Para pakar menyatakan bahwa wanita menghasilkan apa yang ada dalam dirinya dinamai enstrogen, yakni hormone cinta dan progesterone atau hormone keibuan. Dengan hormone pertama, ia akan terus memelihara kecantikannya dan dengan hormone kedua ia terdorong dan bersedia mengorbankan kecantikannya demi anknya.
AYAT 73-74
“Dan mereka menyembah selain Allah, sesuatu yang tidak dapat memberikan rezeki kepada mereka sedikit pun dari langit dan bumi, dan tidak berkuasa (sedikit jua pun)”.
“Maka janganlah kamu mengadakan sekutu-sekutu bagi Allah. Sesungguhnya Allah mengetahui, sedang kamu tidak mengetahui”.
Ayat ini lanjutan kecaman terhadap orang-orang kafir yang tidak mempersembahkan rasa syukur atas nikmat yang mereka peroleh. Ibadah adalah salah satu perwujudan syukur kepada Allah.
Ayat ini kembali berbicara tentang tujuan aneka anugerah Allah yakni mengesakan Allah, mengakui kenabian dan ketetapan-ketetapan yang mereka sampaikan, serta keniscayaan hari kemudian.
AYAT 75
“Allah membuat perumpamaan dengan seorang hamba sahaya yang dimiliki yang tidak dapat bertindak terhadap sesuatu pun dan seorang yang Kami beri rezeki yang baik dari Kami, lalu dia menafkahkan sebagian dari rezeki itu secara sembunyi dan secara terang-terangan, adakah mereka itu sama? Segala puji hanya bagi Allah, tetapi kebanyakan mereka tiada mengetahui”.

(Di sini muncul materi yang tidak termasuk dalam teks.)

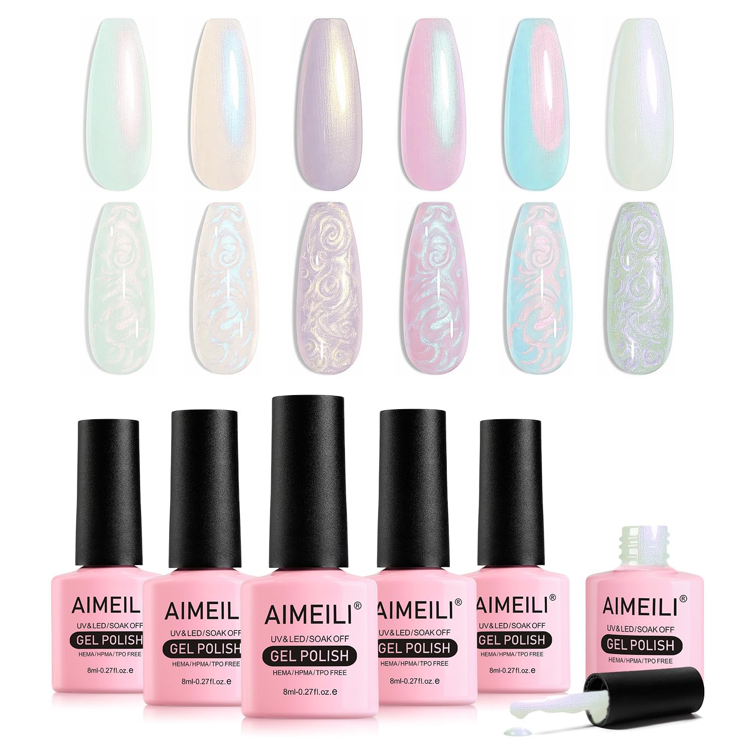 ?hema-free gel nail polish: Hema-free, HPMA-free, TPO-free formula of gel nail polish for nail art make it gentle to apply your nails safer and healthier.?Vegan, free of animal experiments: Aimeili Gel Nailack products are vegan, cruel-free, safe, non-toxic, environmentally friendly and reliable, since 90% of raw materials are manufactured in the USA and Europe and correspond to EU security regulations.? Lang: long for 21+ days with a perfect shine.No notches, chips or spots.Hardens under the UV or LED lamp (curing times vary depending on the lighting system).? Einy pearl effect: with a nice shine and light shimmer effect, shifts colors based on viewing angles.Depending on the basic color, can achieve different effects in order to meet different needs fairly.We recommend using white gel nail polish before using the Perl Gel nail polish.? AND Colors: 6 magical colors Pearl effect gel nail polish, 8 ml per bottle.With these carefully selected fashion colors you can not only create charming and shiny beautiful nails, but also an ideal gift for yourself, friends, family, etc. (Note: Please carry out a skin test each time).?HEMA-FREE Gel Nagellack: HEMA-freie, HPMA-freie, TPO-freie Formel von Gel Nagellack für Nagelkunst machen es sanfter, um Ihre Nägel sicherer und gesünder gelten. ?VEGAN, TIERVERSUCHSFREI: AIMEILI Gel Nagellack Produkte sind vegan, grausam-frei, sicher, ungiftig, umweltfreundlich und zuverlässig, da 90% der Rohstoffe in den USA und Europa hergestellt werden und den EU-Sicherheitsvorschriften entsprechen. ?Lang anhaltend: Lang anhaltend für 21+ Tage mit perfektem Glanz. Keine Kerben, Chips oder Flecken. Härtet unter UV- oder LED-Lampe aus (Aushärtungszeiten variieren je nach Beleuchtungssystem). ?Einzigartiger Perleffekt: Mit schönem Glanz und leichtem Schimmereffekt, verschiebt Farben basierend auf Betrachtungswinkeln. Kann je nach Grundfarbe unterschiedliche Effekte erzielen, um verschiedenen Bedürfnissen gerecht zu erfüllen. Wir empfehlen die Verwendung von weißem Gel-Nagellack vor der Anwendung des Perl-Gel-Nagellacks. ?Reiche Farben: 6 Magische Farben Pearl Effect Gel Nagellack, 8 ml pro Flasche. Mit diesen sorgfältig ausgewählten modischen Farben können Sie nicht nur charmante und glänzende schöne Nägel kreieren, sondern auch ein ideales Geschenk für sich selbst, Freunde, Familie usw. (Hinweis: Bitte führen Sie vor der Maniküre JEDES MAL einen HAUTTEST durch).AIMEILI Pearl Effect Gel Nail Polish HEMA Free UV Lack Gel Nagellack Set 8ml 6 Farben Pearl UV Nagellack Set Farbgel Gellack Soak Off Gel Nail Polish Set Maniküre Gift Kit 42 KIT6-42_8ML
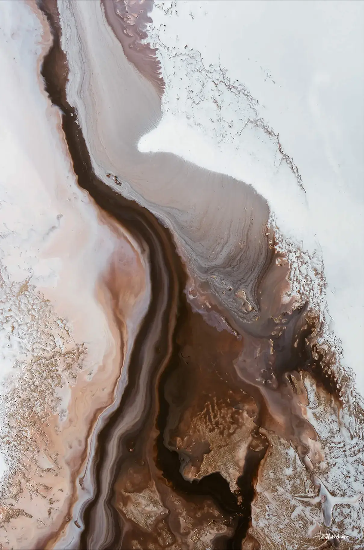 This stunning abstract piece features a harmonious blend of soft earthy tones and fluid movement. Rich browns, whites, and creams flow together, creating a sense of depth and texture that evokes natural landscapes, like the winding curves of a river or the layers of sediment over time. The delicate details and smooth transitions between light and dark areas bring an organic elegance to this artwork, making it a sophisticated addition to any modern or minimalist space. Printed on high-quality materials, this piece adds warmth and serenity while maintaining a striking, contemporary look.

Allah menjelaskan kebathilan keyakinan mereka dengan memberi perumpamaan
Ayat ini bagaikan mempersamakan keadaan berhala dan sesembahan kaum musyrikin dengan budak belian yang tidak memiliki kemampuan sedikit pun, dan keadaan Allah dalam limpahan karunia-Nya dengan seorang merdeka, lagi kaya raya dan bebas mengatur dan menetapkan kehendaknya. Jelas kedua orang itu tidak sama.
AYAT 76
“Dan Allah membuat (pula) perumpamaan: dua orang lelaki yang seorang bisu, tidak dapat berbuat sesuatu pun dan dia menjadi beban atas penanggungnya, ke mana saja dia disuruh oleh penanggungnya itu, dia tidak dapat mendatangkan suatu kebajikan pun. Samakah orang itu dengan orang yang menyuruh berbuat keadilan, dan dia berada pula di atas jalan yang lurus?”.
Ayat ini membandingkan antara kafir dan muslim dengan menyatakan dan disamping perumpamaan yag lalu. Perumpamaan ini adalah untuk membuktikan betapa jauh jarak antara derajat seorang mukmin dan kafir.

KELOMPOK 6
AYAT 77
“Dan kepunyaan Allah-lah segala apa yang tersembunyi di langit dan di bumi. Tidak adalah kejadian kiamat itu, melainkan seperti sekejap mata atau lebih cepat (lagi). Sesungguhnya Allah Maha Kuasa atas segala sesuatu”.
Kelompok ayat ini lebih banyak menekankan tentang kehadiran hari kiamat serta bukti kekuasaan Allah yang dapat mengantar siapa pun yang membuka mata hati dan pikirannya kepada kesimpulan keniscayaannya.
“Allah juga Maha Mengetahui segala yang gaib”
 Gaib ada dua macam, pertama gaib mutlak (yang tidak dapat terungkap sama sekali), hanya Allah yang mengetahuinya. Kedua, gaib relatif (tidak diketahui tapi boleh jadi diketahui orang lain).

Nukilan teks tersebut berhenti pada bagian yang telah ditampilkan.